- Born: July 4, 1993 (age 33) Mays Landing, New Jersey
- Education: The College of New Jersey
- Occupation: competitive eater
- Known for: Ranked second in Major League Eating (2018)

= Carmen Cincotti =

American competitive eater

Carmen Cincotti (born July 4, 1993) is an American competitive eater and holder of multiple records in Major League Eating, who earned $10,000 for his second-place finish in the Nathan's Hot Dog Eating Contest in 2017 in which he ate 60 hot dogs in ten minutes, twelve fewer than repeat champion Joey Chestnut. From August 2018 to June 2019, he was ranked number two in Major League Eating.

==Early life and education==
Raised in the Mays Landing section of Hamilton Township, Atlantic County, New Jersey, the 150 lb Cincotti graduated in 2011 from Oakcrest High School, where he played on the school's soccer team; four years later, he earned a degree in biomechanical engineering at The College of New Jersey where he became a member of Phi Kappa Tau fraternity.

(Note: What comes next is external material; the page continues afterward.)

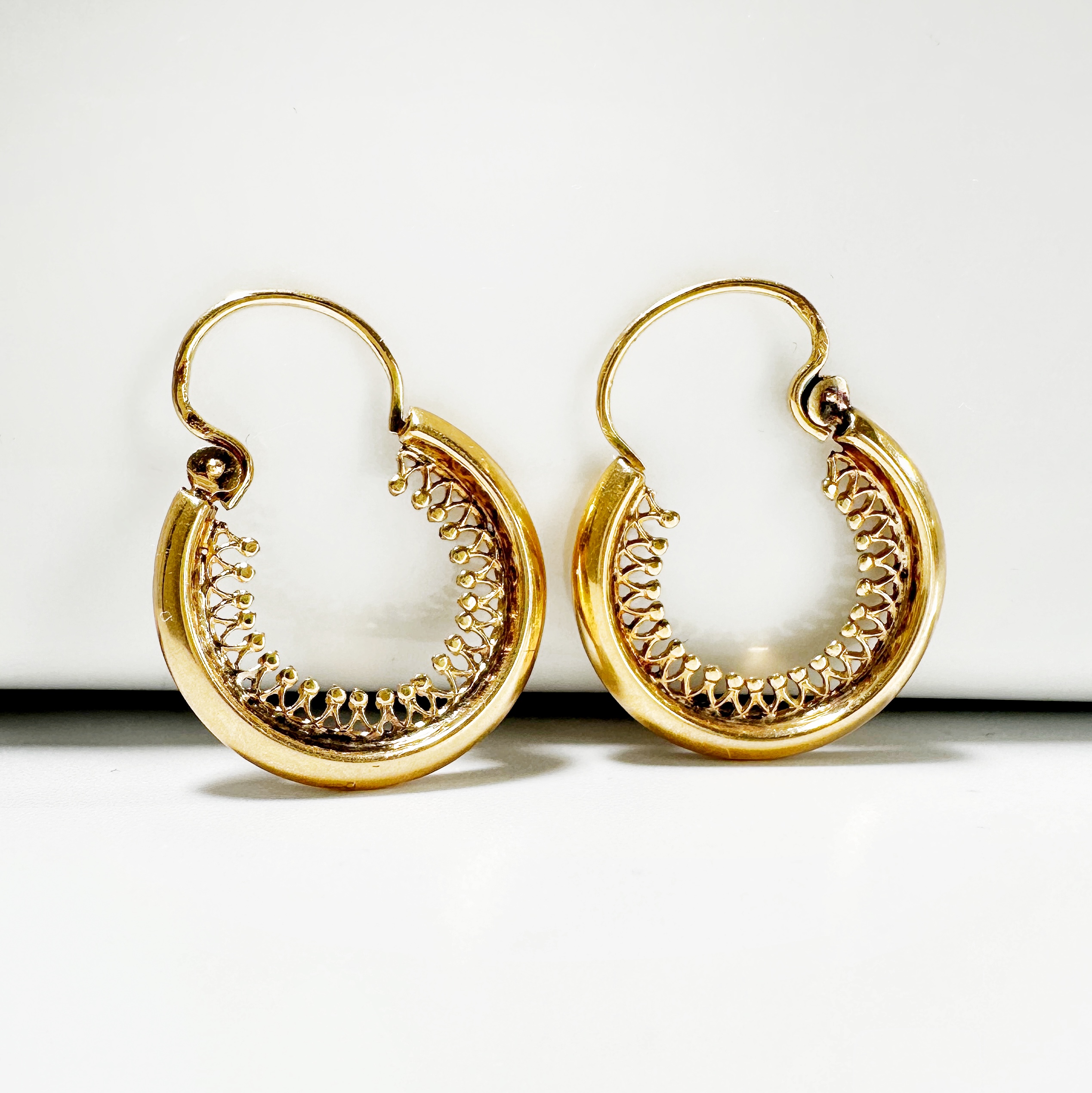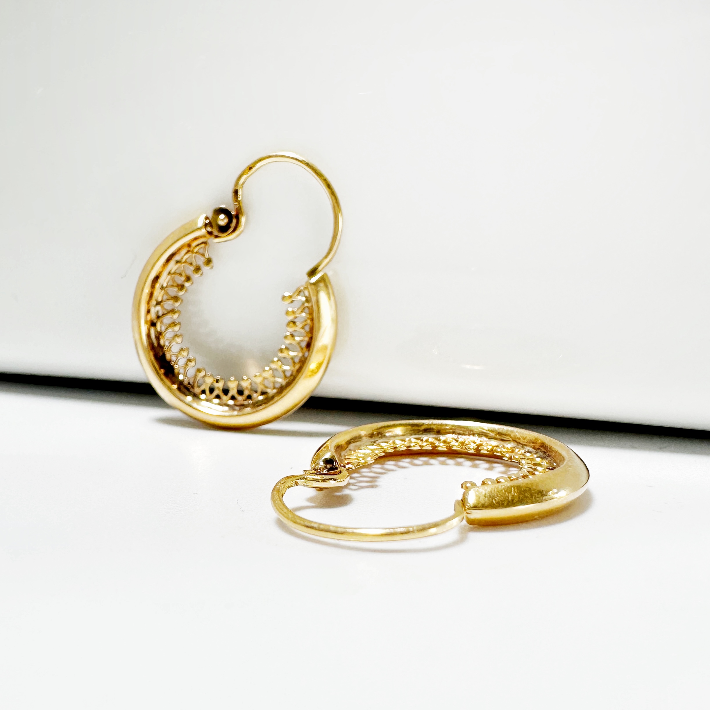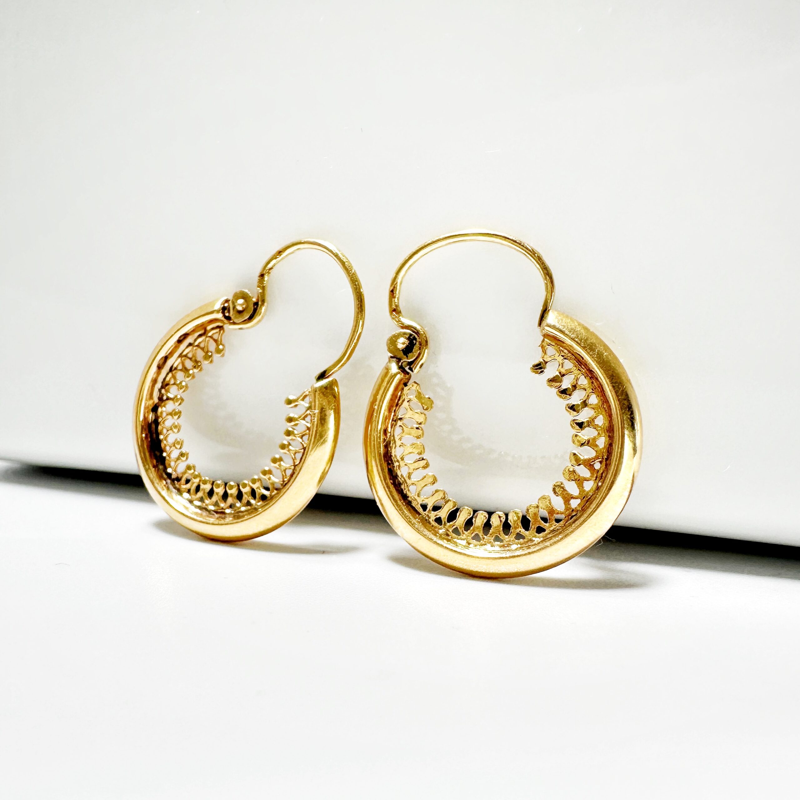 Superb pair of hoop earrings from the 50s in 18 carat gold, whose inner rim is entirely finely chiseled. Secured by a hinged clasp for the easiest on and off, this must-have and timeless pair of earrings will become a must-have in your jewelry collection.

He is a resident of Newark, New Jersey.

==Career==
Cincotti developed an interest in competitive eating as a child, but he was unsuccessful in his first effort to make it past a qualifier for the annual Fourth of July Nathan's competition, describing that he "was only able to eat 13 hot dogs", which forced him to come to the realization that he "had to work at this if I was going to get to the top level." Efforts to expand his eating abilities included eating a sugar cookie weighing 6 lbs and three loaves of French toast.

In addition to running and working out five days a week, his training regimen involves focusing on the food item to be consumed six to eight weeks before a competition so that he becomes acclimated to eating massive quantities of the food. While practicing for the 2017 Nathan's competition, he consumed as many as 1,000 hot dogs. His technique for hot dog competitive eating is to eat two hot dogs, chewed just enough to swallow, followed by two buns softened with water. He stops eating for as long as two days after a competition, before resuming his usual diet.

In 2016, Cincotti came in second to Joey Chestnut, who ate 43 pork roll sandwiches in 10 minutes. At the 2017 Nathan's competition, Cincotti came in second with 60 hot dogs completed, as Chestnut won his tenth title with a count of 72. In July 2018, Cincotti finished second in the Nathan's Famous Hot Dog Eating Contest to Joey Chestnut, eating 64 HDB in ten minutes to Chestnut's 74. In August 2018, Carmen Cincotti retired from competitive eating.

===Eating records===
Cincotti has set several Major League Eating records, including consuming 101 bratwursts in 10 minutes in 2016, as well as 158 croquetas in 8 minutes (since broken) and 61.75 ears of corn in 12 minutes at two events in 2017.